In the past week a lot has been written about Steemit Inc. and even “the demise of STEEM”, the latter which is of course rather exaggerated since we are in a decentralized environment. After taking my time to develop some thoughts about everything - rather than immediately jump on the social media megaphone bandwagon - I am none the wiser since, none the wiser in the sense that I can’t say my thoughts have particularly changed.
With the exception maybe that the situation for Steemit Inc. may be more precarious than admitted, especiallly given how close after SteemFest3 everything was announced. Maybe, next SteemFest, should not be invited. At least not as a speaker. But that’s a whole different topic.
Thus, my thoughts, in rather random and not too detailed version.
The 800lbs. Gorilla is Hurt
In a decentralized environment it is always negative to have few players who “centralize” most things. Obviously, for months - few years even - this has also been the fault of the community by constantly talking to/directing everything at Ned and for many to even wait for Steemit Inc. to make everything happen, or not. Given financial situation, Steemit Inc. currently can not further spearhead the community as it has done so far and future roadmaps and deliverables may suffer from this.
This is a good thing.
The fact that Steemit Inc. is in a more vulnerable position right now means that the community must refocus, refocus on actually becoming an active participant in the infrastructural environment. This also means that more dev activity will be required from the dev community (and witnesses) on blockchain level.

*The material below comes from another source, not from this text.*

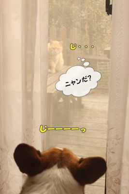 昨夜のとんかつくんです。テレビを観るぴいちゃんに、いつものように寄り添います。ちなみに、今夜もこんな感じでした。 さて、昨日の昼間、かっぱくんととんかつくんがふたりきりだった時、以前登場したあのネコさん・・・ 昨日は、我が家のウォーキングコースのデッキで、フェンス外にいる別のネコさんと、ニャーゴニャーゴと口喧嘩??を始めたらしいです^^; その様子を見たとんかつくんは、 すぐにかっぱくんの膝にお手手を乗せ、たまにバフバフ言いながら、そのまま静かに見守っていたらしいです。 だよね~窓が閉まってたのが残念だったね~( ̄▽ ̄) でも、お手手は秘かに、小刻みに震えてたんだとか・・(T▽T) まあ、そういう事にしときましょうかね・・(-_-) ホント、小さい頃からネコさんに弱いとんかつくんです^^; ではまた~~ ランキング参加中♪1日1回応援よろしくお願いします<(_ _)>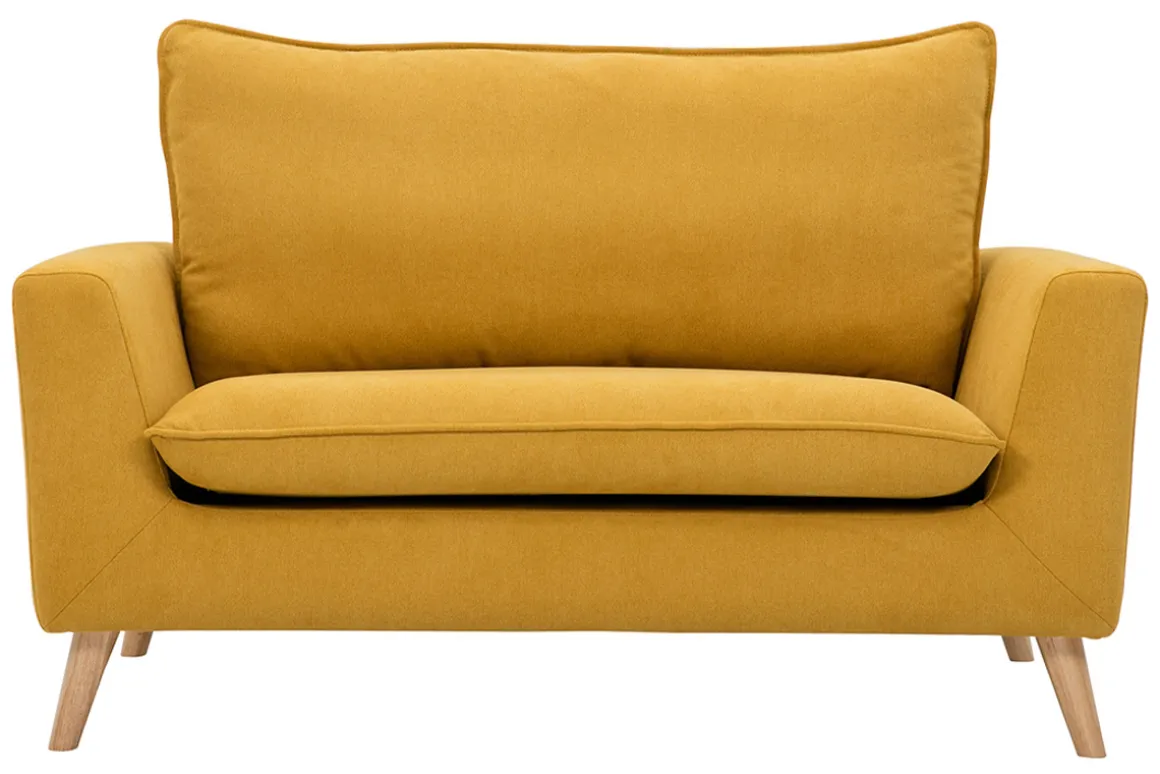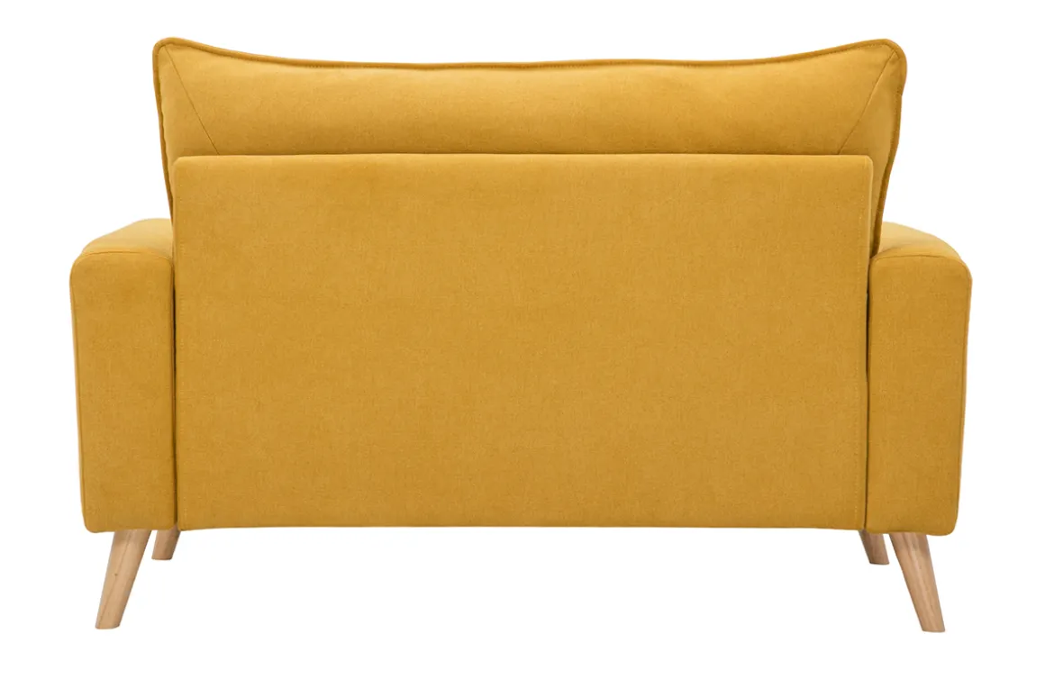 Canapé scandinave 2 places en tissu effet velours jaune moutarde et bois clair JONAS livré prêt à assembler.

While Steemit Inc. have done rather OK supporting new initiatives - and have shown in that aspect to be great “guardians” for the STEEM ecosystem - for Steem to develop in a healthy way it is primordial that Steemit Inc. will be challenged ALSO on their role as blockchain developers.
That’s decentralization for you, for us... for everyone.
Bonus: with given financial struggles at house Steemit Inc., it is also of utmost importance that the near future focus switches to optimization of the platform. This needs to happen on multiple levels. While I appreciate that (belatedly) Steemit Inc. decided to switch to RockDB... who can tell the community that it was also the right infrastructural decision?
Again... decentralized thinking.
Looking at the current requirements, and also earnings, for witnesses... nobody is gonna host a node - or even want to be a witness with redundancy setup - if Steem scales to 2 million daily users. Already now the requirements are ridiculous and we barely have any daily activity which truly registers on the scale. 10-15k daily users is admirable but is also rather common in this modern mobile era.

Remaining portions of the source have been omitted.